Predicting thunderstorm risk probability at very short time range using deep learning

Mélanie Bosc, Adrien Chan-Hon-Tong, Aurélie Bouchard, and Dominique Béréziat

Abstract. Forecasting electrical activity within the atmosphere remains one of the most challenging predictions, especially due to the chaotic nature of thunderstorms. Lightning strikes are precisely located and occur very quickly, which makes this task particularly difficult. Additionally, these phenomena pose a significant risk to aviation, as they statistically strike each aircraft more than once per year. Over the years, several techniques have been employed for very short-term lightning forecasting (lower than one hour 5 and every five minutes), such as observation-based methods and, more recently, deep learning methods. Previous studies often face difficulties in accurately forecasting lightning probability, and even with AI-driven methods, it is still difficult to obtain calibrated outputs. To address this limitation, we propose a methodology that successfully predicts lightning risk using Convolutional Neural Networks (CNNs) with attention mechanisms. The network is fed with satellite observations and Numerical Weather Prediction (NWP) outputs formatted as a spatio-temporal sequence. Results show a F₁ 10 score of 0.65 for 5-minute predictions and 0.5 for 30-minute predictions with a very low Expected Calibration Error (ECE) of less than 10 %. Thanks to the well-calibrated outputs, risk probability maps can be plotted, showing areas with strong to low chances of having electrical activity.
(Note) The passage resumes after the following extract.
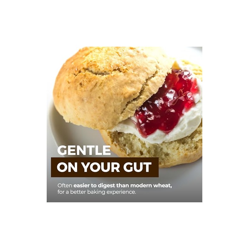 - Disfruta de una opción de harina de gluten más potable: como grano antiguo, la harina KAMUT es conocida por ser más tolerable para aquellos con sensibilidad al gluten en comparación con las variedades modernas de trigo. Sin embargo, ten en cuenta que aunque el contenido de gluten de la harina KAMUT es diferente al del trigo moderno, contiene gluten y no es adecuado para aquellos con sensibilidad celíaco o extrema al gluten.

Received: 17 Jun 2025 – Discussion started: 23 Jul 2025

Publisher's note: Copernicus Publications remains neutral with regard to jurisdictional claims made in the text, published maps, institutional affiliations, or any other geographical representation in this paper. While Copernicus Publications makes every effort to include appropriate place names, the final responsibility lies with the authors. Views expressed in the text are those of the authors and do not necessarily reflect the views of the publisher.

Download & links

Mélanie Bosc, Adrien Chan-Hon-Tong, Aurélie Bouchard, and Dominique Béréziat

Status: final response (author comments only)

RC1:
'Comment on egusphere-2025-2893', Anonymous Referee #1, 02 Oct 2025

Review of “Predicting thunderstorm risk probability at very short time range using deep learning”
The preprint proposes a deep learning methodology for very short-term (5-60 minutes) probabilistic forecasting of lightning risk, motivated by aviation safety within the ALBATROS project. It adapts the ED-DRAP neural network, incorporating spatio-temporal sequences from satellite (GOES-16 ABI brightness temperature and GLM lightning groups) and NWP (GFS lifted index and relative humidity) data over a region centered on the Gulf of Mexico and Florida. A key focus is on achieving well-calibrated outputs through a combined cross-entropy and Dice loss function, enabling interpretable risk probability maps. Results report F1 scores of 0.65 at 5 minutes and 0.5 at 30 minutes, with ECE below 10%. In general, the manuscript is well-structured, the approach is innovative in emphasizing calibration for probabilistic lightning nowcasting without radar data, and the topic is highly relevant for natural hazards research, particularly in aviation and thunderstorm impacts. However, I have some concerns regarding the scope, comparisons, and generalizability.
My main concern is the limited scope and potential lack of generalizability of the dataset and results. The data is restricted to winter mornings (00:00-05:00 UTC, December-February) from 2020-2023, covering only 154 days with a balanced split of stormy and non-stormy periods. While this controls for variability, it may not capture seasonal, diurnal, or regional differences in thunderstorm dynamics (e.g., summer afternoons or other global hotspots). The study area is narrowed to a subset of CONUS, but no sensitivity analysis is provided for other regions. A discussion on how these choices affect broader applicability, perhaps with preliminary tests on extended data, would strengthen the contribution.
My second concern is the benchmarking and novelty assessment. The model is compared to ConvLSTM, PredRNN, persistence, and U-Net, showing superior F1 and calibration scores. However, it lacks direct comparison to recent lightning-specific DL models from the literature, such as those in Brodehl et al. (2022), Geng et al. (2021), or Leinonen et al. (2023), which also use satellite/radar data for nowcasting. While the intentional exclusion of radar data is well-justified for enhancing applicability to aircraft flight paths where radar coverage may be limited or absent, discussing how the proposed method might compare to radar-inclusive baselines would better contextualize its advantages and limitations.
Other comments

L90-95: Clarify why the smaller area (red rectangle in Fig. 1) was chosen beyond computation cost, does it represent typical thunderstorm regimes?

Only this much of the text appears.